◆ **Work to be completed**
Write out the line with "the faces. |" and every later line through the end of the data below, exactly as given, with no pictures in the copy.

◆ **Data shown**
== Segment start ==

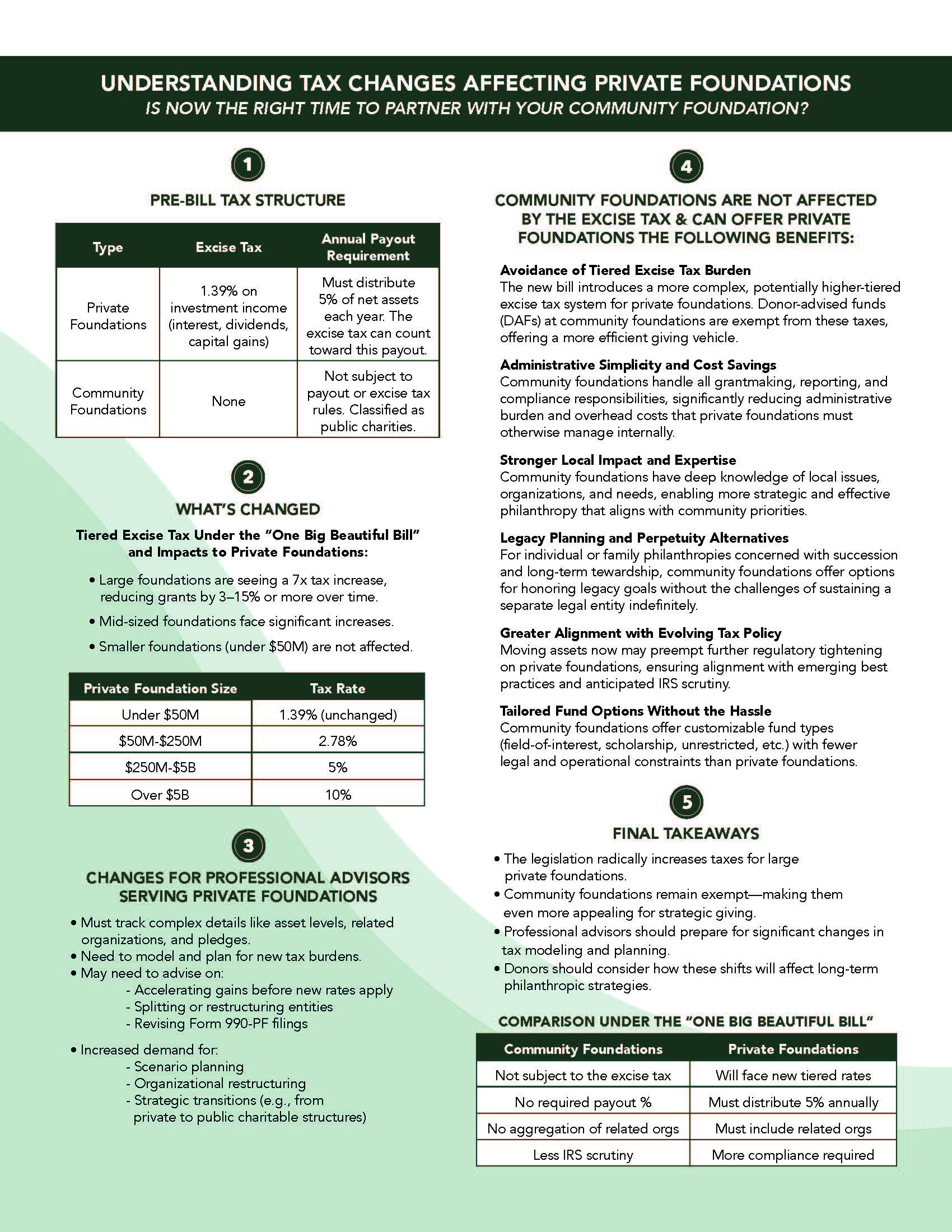 New federal legislation has introduced significant changes to the excise tax system for private foundations, creating higher, tiered tax rates that may impact grantmaking and compliance requirements. While large and mid-sized private foundations face increased financial and administrative burdens, community foundations remain exempt from these rules. This brochure outlines the new tax structure, what’s changed, and how community foundations can provide more flexible, cost-effective, and strategic giving alternatives for donors and advisors navigating this evolving landscape. See below for more information:
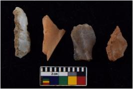 | Description / विवरण | There are n 4 flakes tool; there are flakes with sides trimmed, Marks of secondary flaking are present on the both the faces. |
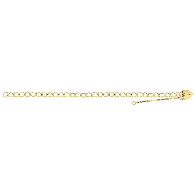 9ct Yellow Gold 7.5" Charm Bracelet With Safety Chain Attached And Heart Shaped Lock Fastener Available In Different Chain Widths .

== Segment end ==

◆ **Answer area**
 | Description / विवरण | There are n 4 flakes tool; there are flakes with sides trimmed, Marks of secondary flaking are present on the both the faces. |
 9ct Yellow Gold 7.5" Charm Bracelet With Safety Chain Attached And Heart Shaped Lock Fastener Available In Different Chain Widths .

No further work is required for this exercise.